They went on, Ormsgill limping a little, for his wound still pained him, and vanished into the shadows of the bush, two weary, climate-worn men who had malignant nature and, so far as they knew, the malice of every white man holding authority in that country against them. Still, at least, their course was clear, and in the meanwhile they asked for nothing further.

It also happened one afternoon while they pushed on through shadowy forest and steaming morass that a little and very ancient gunboat crept along the sun-scorched coast. Her white paint, although very far from fresh, gleamed like ivory on the long dazzling swell that changed to a shimmering sliding green in her slowly moving shadow, for she was steaming eight knots, and rolling viciously. Benicia Figuera, who swung in a hammock hung low beneath her awnings, did not, however, seem to mind the erratic motion. She was watching the snowy fringe of crumbling surf creep by, though now and then her eyes sought the far, blue hills that cut the skyline. Her thoughts were with the man who was wandering in the dim forests that crept through the marshes beyond them.

By and by she aroused herself, and looked up with a smile at the man who strolled towards her along the deck. She had met him before at brilliant functions in Portugal where he was a man of importance, and he had come on board in state a few hours earlier from a little sweltering town above a surf-swept beach whose citizens had seriously strained its finances to do him honor. He was dressed simply in plain white duck, a little, courtly gentleman, with the look of one who rules in his olive-tinted face. He sat down in a deck chair near the girl.

"After all, it is a relief to be at sea," he said. "One has quietness there."

Benicia laughed. "Quietness," she said, "is a thing you can hardly be accustomed to SeÑor. Besides, you are in one way scarcely complimentary to the citizens yonder."

"Ah," said her companion, "it seems they expect something from me and it is to be hoped that when they get it some of them will not be disappointed. I almost think," and he waved a capable hand, "that before I am recalled they will not find insults bad enough for me."

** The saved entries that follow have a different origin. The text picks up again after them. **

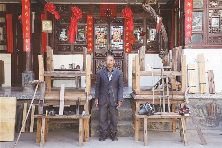 “在20世紀80、90年代,我在蘭平、鶴慶等周邊地區到處跑,吃百家飯、住百家屋,那個時候,手藝人去到哪里都是受人尊敬的,現在講起來還是挺懷念的!”回憶起早年在外做木匠的生涯,歐陽定權仍念念不忘。
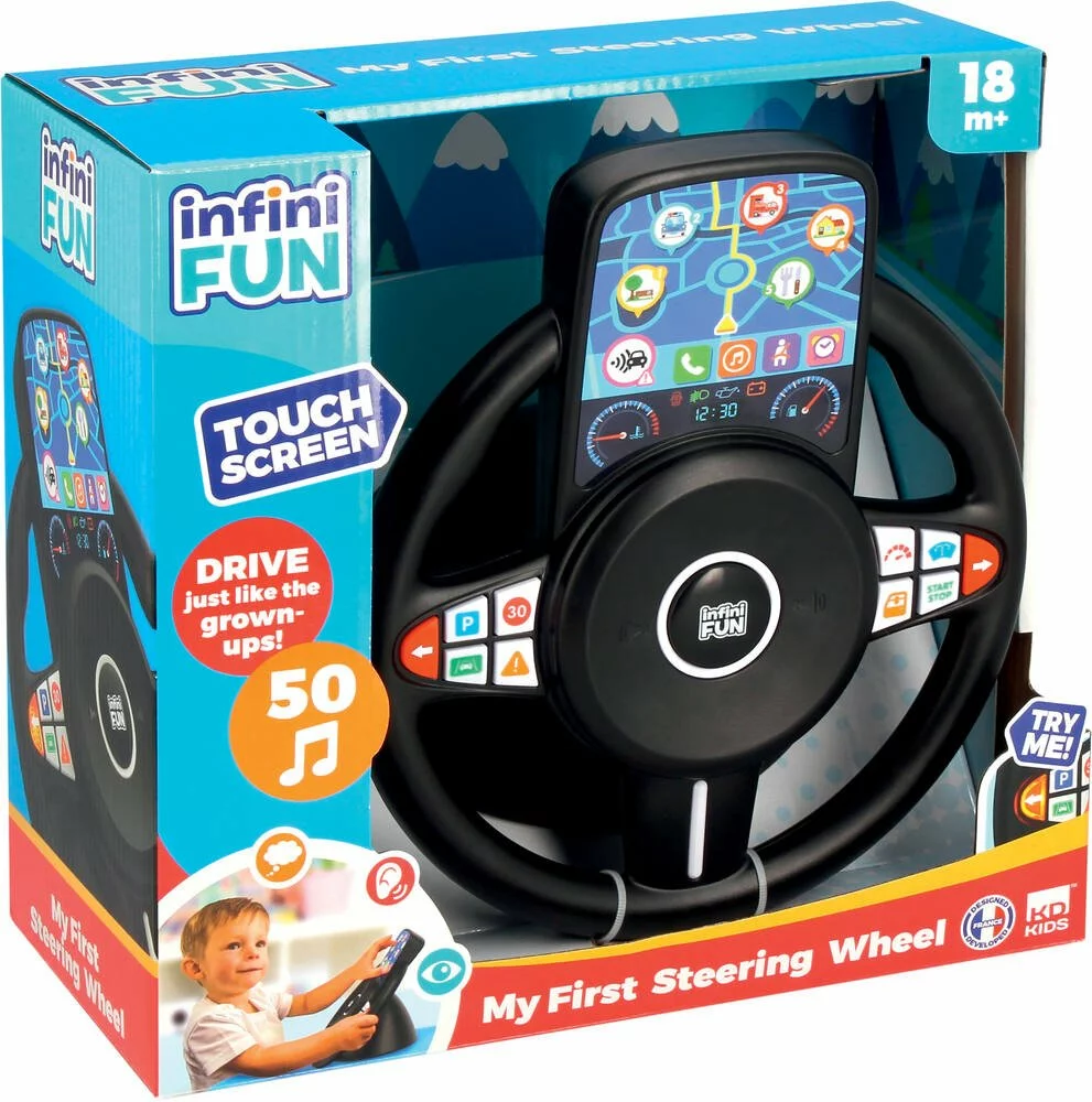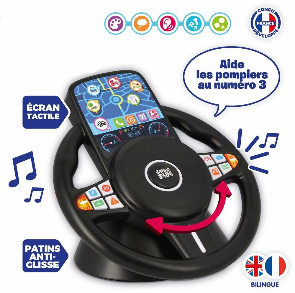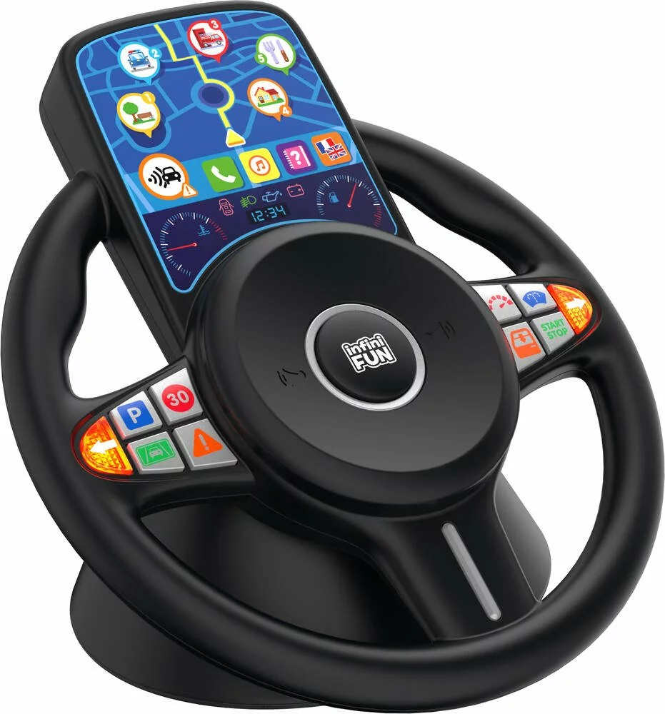 Conduis comme les grands avec ton volant interactif. 2 modes de jeux pour apprendre les nombres, les couleurs et les formes. Bilingue. Effets sonores et lumineux.
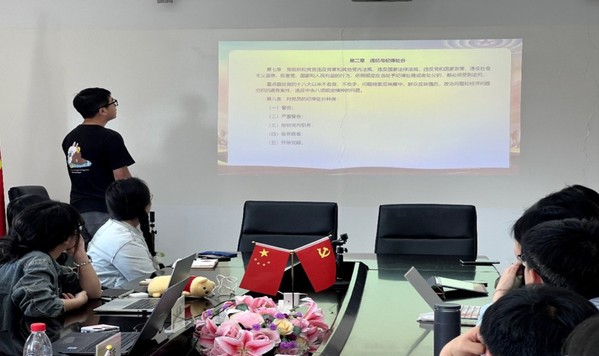 接着,周颖就党建实务培训以及《中国共产党发展党员工作细则》导读向同学们进行详细的解读。她从源头向学生解释了从提交入党申请书到成为一名光荣的共产党员中间所要经历的培养过程,并耐心细致的带领我们逐章逐字学习《中国共产党纪律处分条例》,引领同学们稳思想之舵,强思想之基。
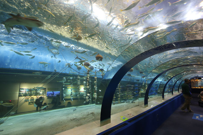 本州最北端の水族館であり、トンネル水槽「むつ湾の海」や「世界遺産白神の魚」コーナーが特徴。その他、サンゴ礁の魚、冷たい海の魚や希少淡水魚などを展示しています。また、水量700tのイルカプールにて、バンドウイルカとカマイルカのパフォーマンスが行われていますが、「祭り」をテーマにねぶた獅子をイメージした津軽三味線や笛の音色による音楽とコラボする、青森ならではの内容です。
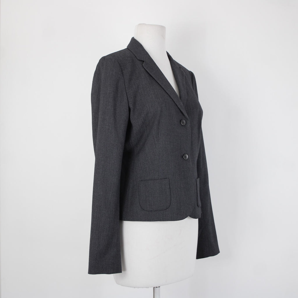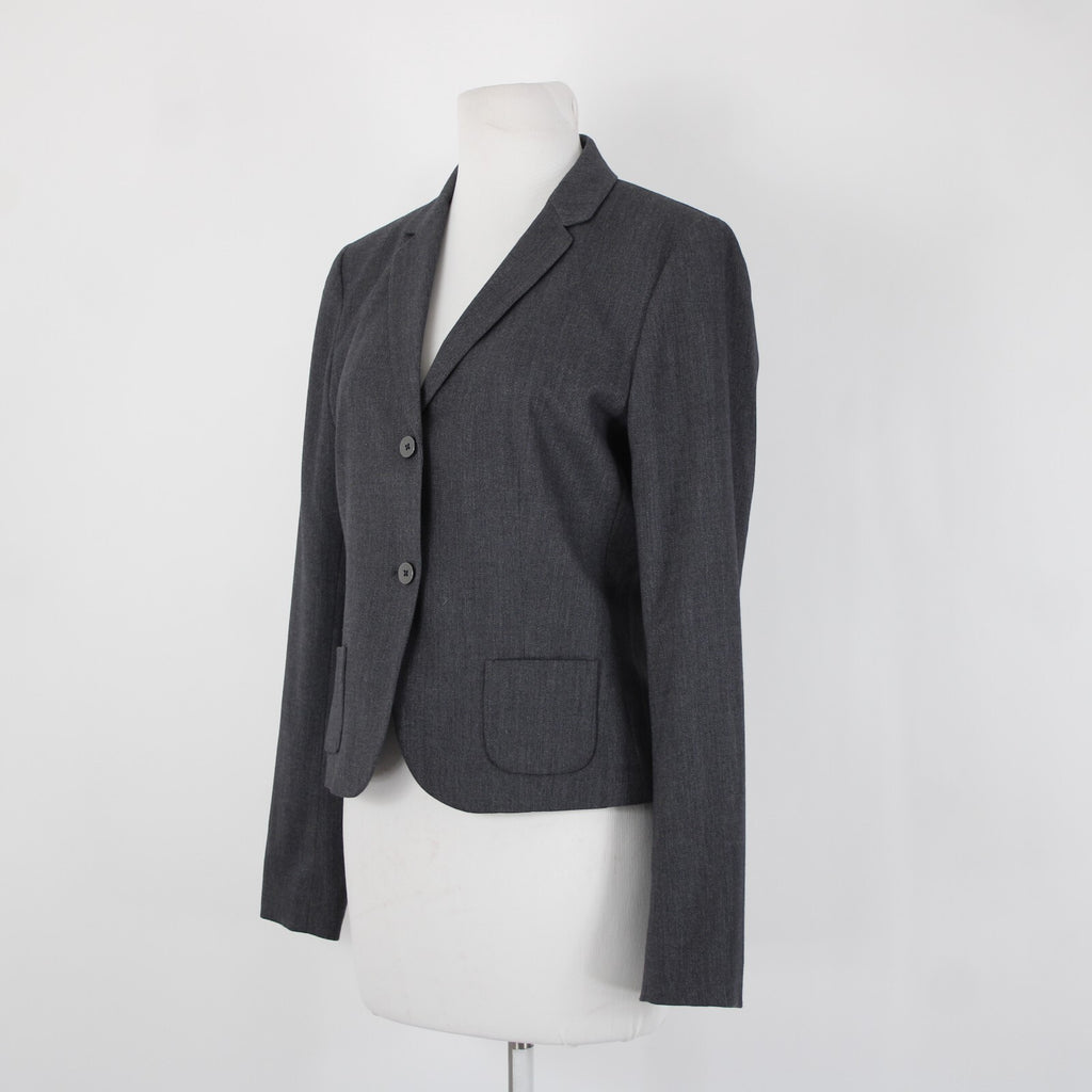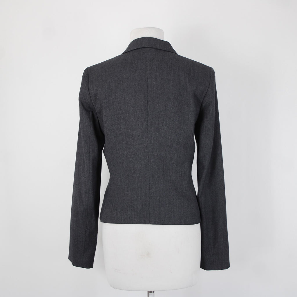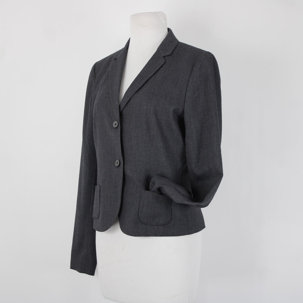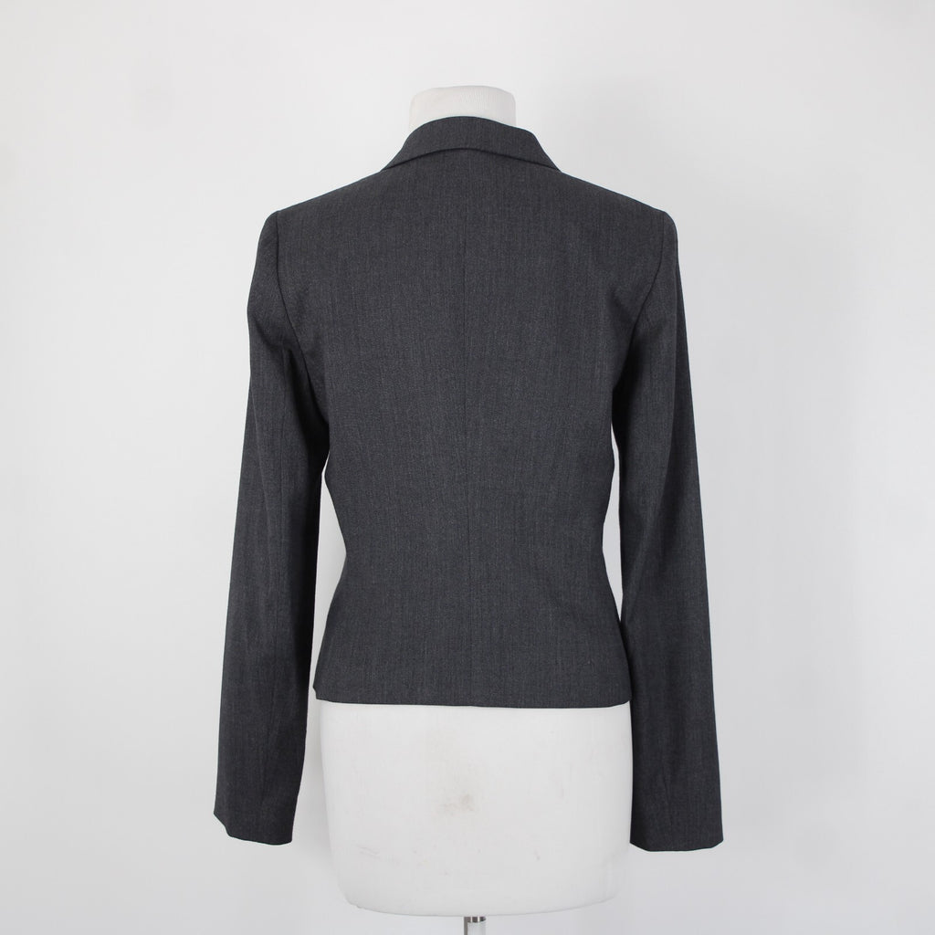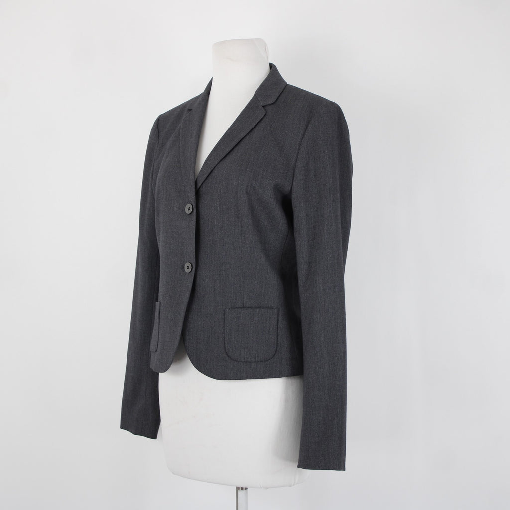 Tahari Sz 8 Gray Fine Herringbone Patch Pockets Polyester Lined Blazer Jacket

Benicia felt that this was quite possible. Her companion was she knew a strong man as well as an upright one, who had been sent out not long ago with ample powers to grapple with one or two of the questions which then troubled that country. It was also significant that while he was known as a judicious and firm administrator his personal views on the points at issue had not been proclaimed. Benicia had, however, guessed them correctly, and she took it as a compliment that he had given her a vague hint of them. Perhaps, he realized it, for he watched her for a moment with a shrewd twinkle in his dark eyes.

"SeÑorita," he said, "I almost think you know what I was sent out here to do. One could, however, depend upon Benicia Figuera considering it a confidence."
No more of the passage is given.